もう一つは、健康寿命延伸の観点から、計り知れないメリットが出てくると思いました。専門的な知識と技術を日常的に提供してもらい、それが市民にとってプラスになることは間違いない。大いに期待しています。
(注1)健康寿命=生まれてから死ぬまでの命の長さを「寿命」というのに対し、健康上の問題で、日常生活が制限されることなく生活できる期間を「健康寿命」という。健康寿命の算出方法はいくつかの指標が用いられ、客観的指標は男女ともに全国上位になっているが、主観的指標では低い値になっている。
(注2)地域共生社会=地域包括ケアシステムを確立することで地域共生社会の実現が求められている。誰もが共に生活できる地域社会で、子ども、高齢者、障がい者など全ての人が地域、暮らし、生きがいを共に創り、高め合うことのできる社会。
(注3)地域包括ケアシステム=高齢者が住み慣れた地域で自分らしい暮らしを続けるため、地域の実情に合ったネットワークで、医療・介護・予防・住まい・生活支援が確保される体制。

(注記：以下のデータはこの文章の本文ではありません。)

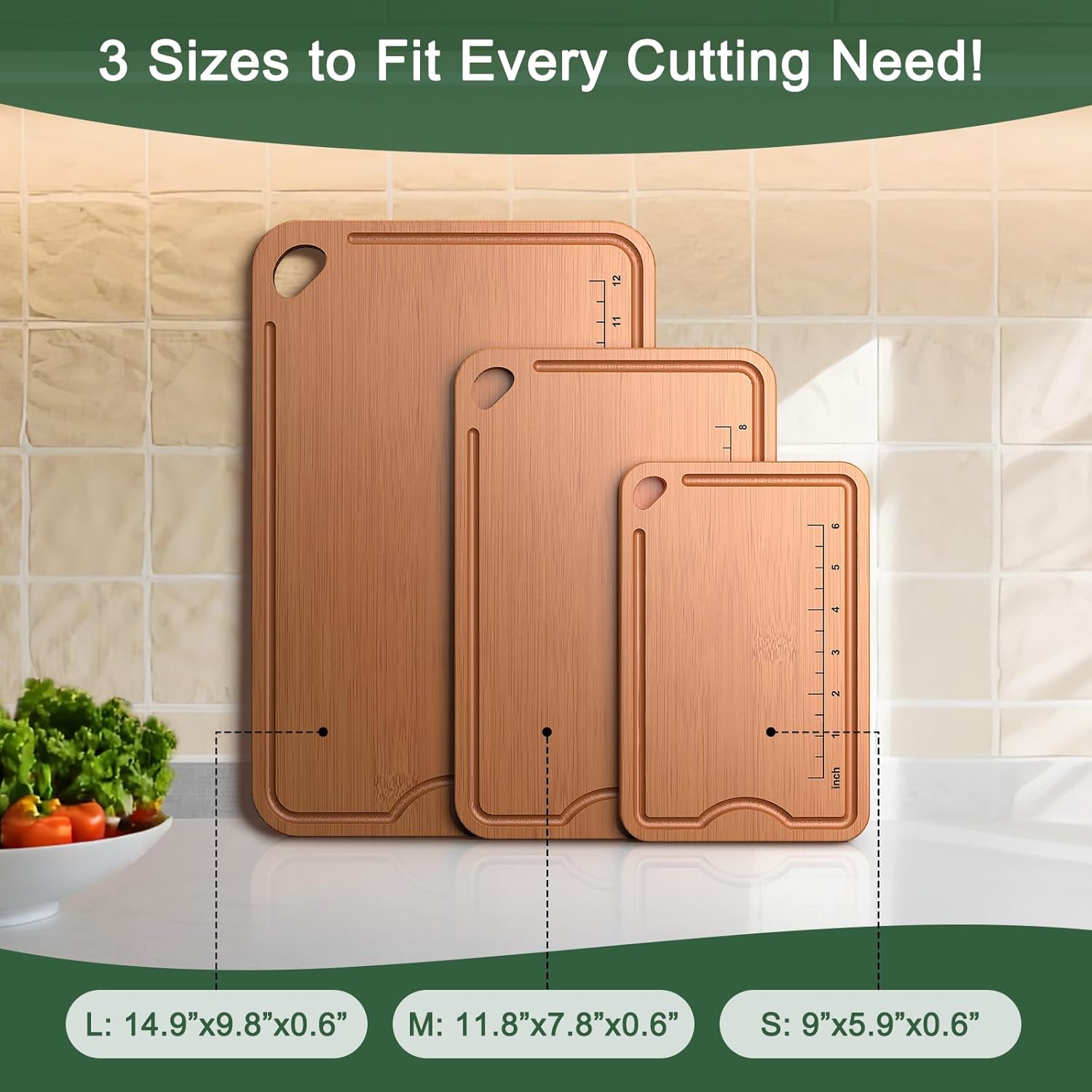 Various Sizes for Every Task: The HUAXUS bamboo cutting board set includes large, medium, and small boards (15×9.8″, 11.8×7.8″, 9×5.9″) to expertly handle every kitchen task. Perfect for handling large roasts, everyday chopping, and serving cheese or appetizers—all your kitchen needs covered.
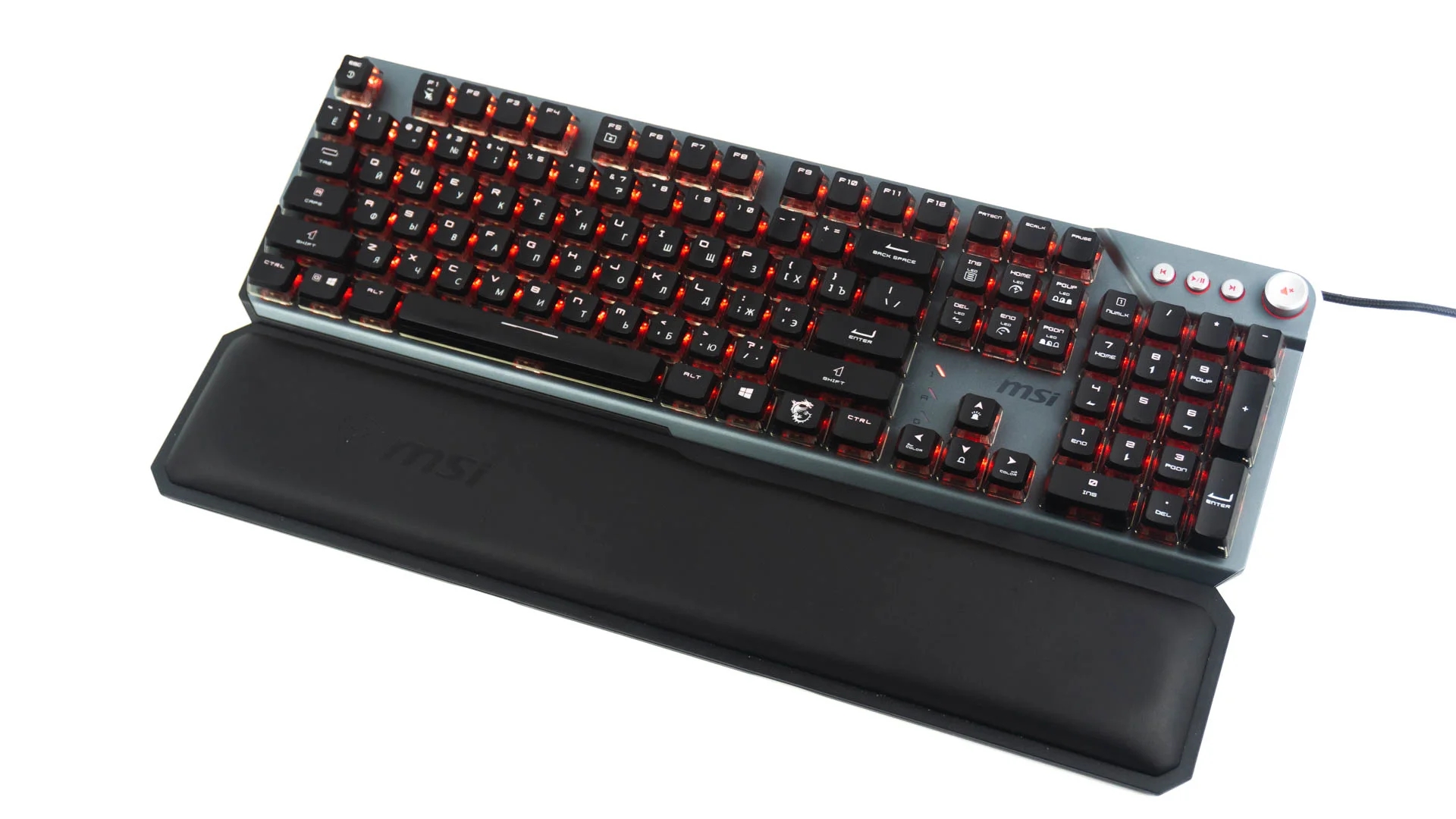 В комплект поставки входит клавиатура, съемник крышек, подставка для запястий из пеноматериала с памятью и материалы для чтения. Как и в большинстве представленных на рынке механических игровых клавиатур с подставкой для запястий, я уверен, что MSI использует искусственную кожу. И, как показывает мой опыт, она начинает трескаться и отслаиваться уже через несколько месяцев использования. Подушечка под запястья с пеной с памятью - отличное дополнение, но не стоит ожидать, что она прослужит долго.

(注4)2025年問題=人口ボリュームの大きい団塊世代全てが75歳以上となる2025年ごろには、同世代で大きな病気を患う人が増え、社会保険費の膨張や医療機関が足りなくなると指摘されている。
びわこリハビリテーション専門職大学Q&A
Q1キャンパスの開設地は?
A1びわこリハビリテーション専門職大学は、医療人材を養成する学校法人藍野大学(本部・大阪府茨木市)が運営する県内初のリハビリ系専門職大学(4年制)で、前身の滋賀医療技術専門学校を改装したキャンパス(東近江市北坂町)を開設する。さらに学校法人藍野大学の八日市駅前サテライトキャンパス(同市八日市東浜町)も設ける。
Q2設置される学科と教育内容は?
A2リハビリテーション学部に理学療法学科(定員80)、作業療法学科(同40)が設置される。
理学療法学科は、様々な疾病・障がいに対して、基本動作能力の回復や維持、障がいを予防し、自立した生活が送れるよう支援していく医療・介護の専門職である理学療法士を養成する。
履修モデルの「ヘルスプロモーション」、「生涯スポーツ」、「生活工学」を通じて、地域住民の課題を解決する技術を学び、健康、スポーツ、福祉の分野で活躍する力をつける。
作業療法学科は、人が営む生活行為=「作業」に焦点を当てることで、その人らしい生活を送れるように支援していく専門職である作業療法士を養成する。
人が営む生活行為に焦点を当てるため、「児童期」「成人期」「老年期」の3つの履修モデルを用意し、住民年齢によって異なる生活課題を深く理解し、支援する知識を獲得する。
Q3卒業後の進路
A3病院施設、福祉施設、スポーツ・フィットネス施設、地方自治体、教育・研究機関などで、将来的には、健康増進施設、企業の健康推進室、健康関連企業、スポーツ・健康・食・ファッション関連企業、福祉機器メーカーなどの新しい職域へ広がると想定している。